By Germain’s estimation, if he could maintain an average of 10 miles a day, he would need just over 50 days to complete the journey. But his lithe, 5-foot-8, 138-pound frame wouldn’t just be pulling his own weight. He wanted to be completely autonomous during the undertaking, so he planned to swim with a rope around his waist tied to an inflatable kayak full of provisions: a GoPro, a tent, a solar charging station, a hammock, three pounds of trail mix, powdered sweet potato curry, and canned sardines, to name a few. There were also keepsakes: copies of Jean-Jacques Rousseau’s Reveries of a Solitary Walker and Kahil Gibran’s The Prophet and a mini Book of Psalms his mother had given him for protection. In total, the load added up to nearly twice his body weight.

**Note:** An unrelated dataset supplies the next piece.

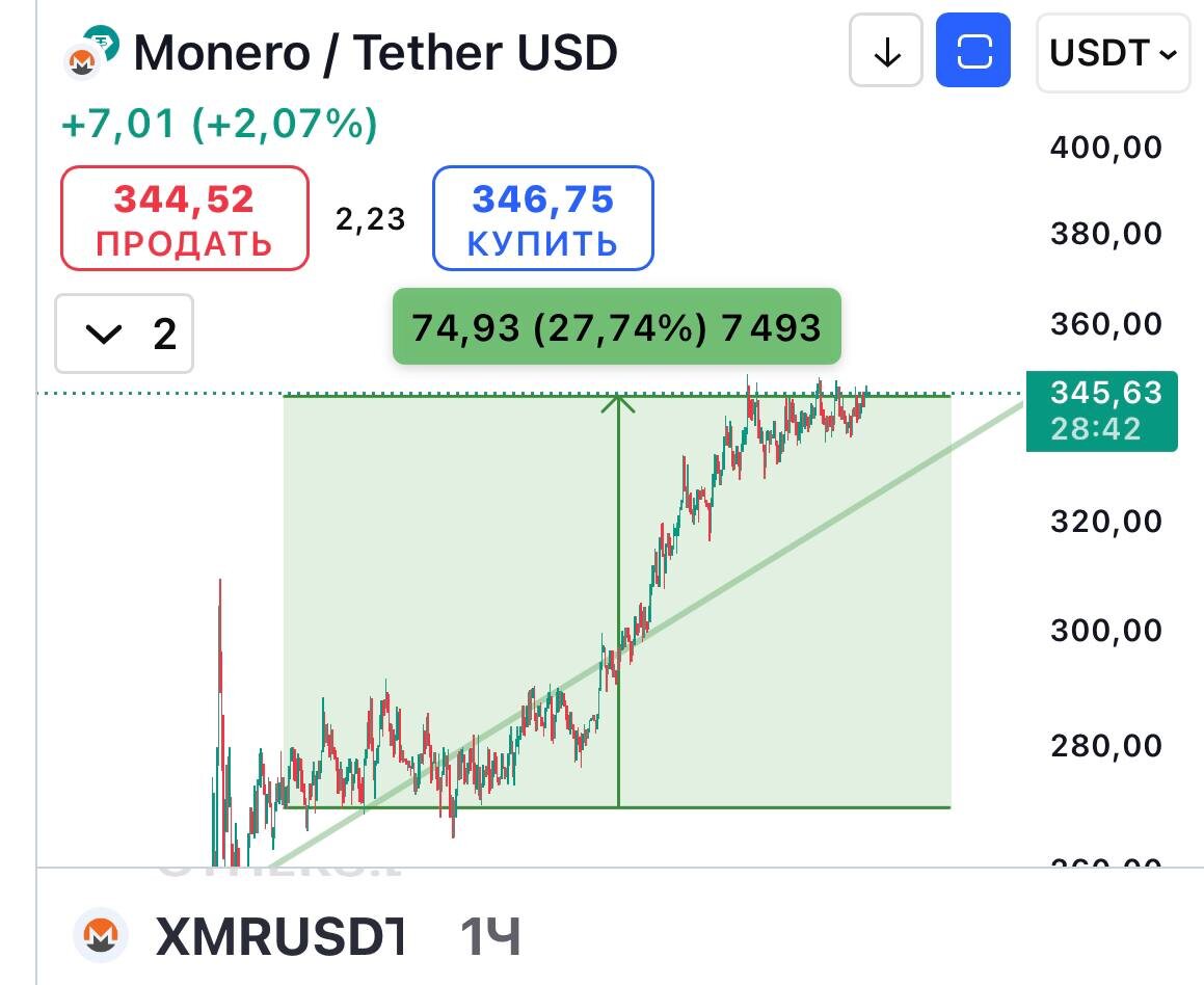💡 Идея по монете Monero $XMR , которую я публиковал здесь на прошлой неделе уже приносит +27% на споте!
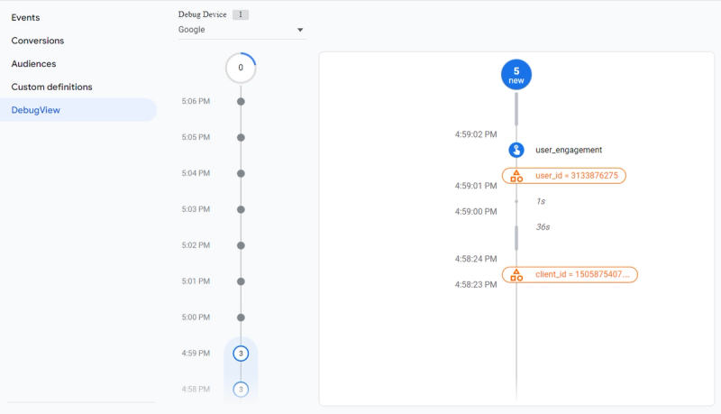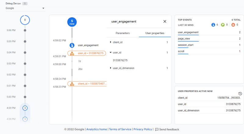 If you select any subsequent event from the list after the user_id item has been highlighted with orange color, just click on its User Properties section on the right side. The user_id property should be listed there, and its value must be the same as the one you saw in the Google Tag Manager preview mode. Moreover, we could find two additional user properties: Client ID and user id dimension. Please look through the Useful Tips section below where we describe why you need them and how they can be sent.

The first few days saw him walking 18 miles over rocks and uneven dirt roads while pulling his kayak behind him. The wheels on his makeshift trailer broke almost immediately as he traipsed through wide open fields and dense forests. Then, when the river was finally deep enough for him to properly wade through, he found the waters were wild with fallen trees, strong currents, and the occasional rapid. “I had to lift the kayak above trees and sometimes had to cut them with a machete,” he told me on an afternoon in late July, when we met at a midpoint on his journey, a two-hour drive southeast of Paris. “It was like, ‘Boom!’ Imagine a rapid with a big tree in front of you and you’ve also got this kayak full of stuff.”
He lost 11 pounds that first week and a half, which he attributes to stress and the 60-degree water. But things calmed down, he quickly gained back the weight, and soon he was swiftly gliding under small stone bridges, passing idyllic scenes of rural life. He was witnessing a bucolic France a world apart from his Parisian upbringing (his mother is Anne Hidalgo, Paris’s mayor and a potential candidate for president in the next election—something Germain is not keen to discuss and wishes the French press covering his feat weren’t either). One day, in the third week of his swim, he came ashore at the village of Saint Marc sur Seine, population 150, where the mayor boasted to him about the size of his “big” city. Other sights were more startling. As he floated past the town of Nogent-sur-Seine, west of the city of Troyes, he came upon a looming surprise. “I was swimming in this dense forest,” he recalled, “and then suddenly there was this enormous smoke.” The clouds were billowing from a massive power plant. “I was shocked,” he added. “I just didn’t expect that. There were hot currents in the water, too, and it smelled like burnt toast.”
For a stretch of his journey he would be accompanied by a boat from the Protection Civile Paris Seine, a public service, to ensure he was safe from barges and other ships navigating the river. Otherwise, he’d be on his own in the water. In a time of unprecedented connectedness, when all forms of communication and material gadgets are at our fingertips, Germain was making the case for a kind of radical, endurance-based solitude. “For me, it’s important to be alone,” he said. “I don’t want a whole team behind me, giving me everything I need every time I have a problem. I can do everything myself. I don’t need help. When you live this way, you don’t use so much water or energy. You don’t need much food. You’re living without consumption.”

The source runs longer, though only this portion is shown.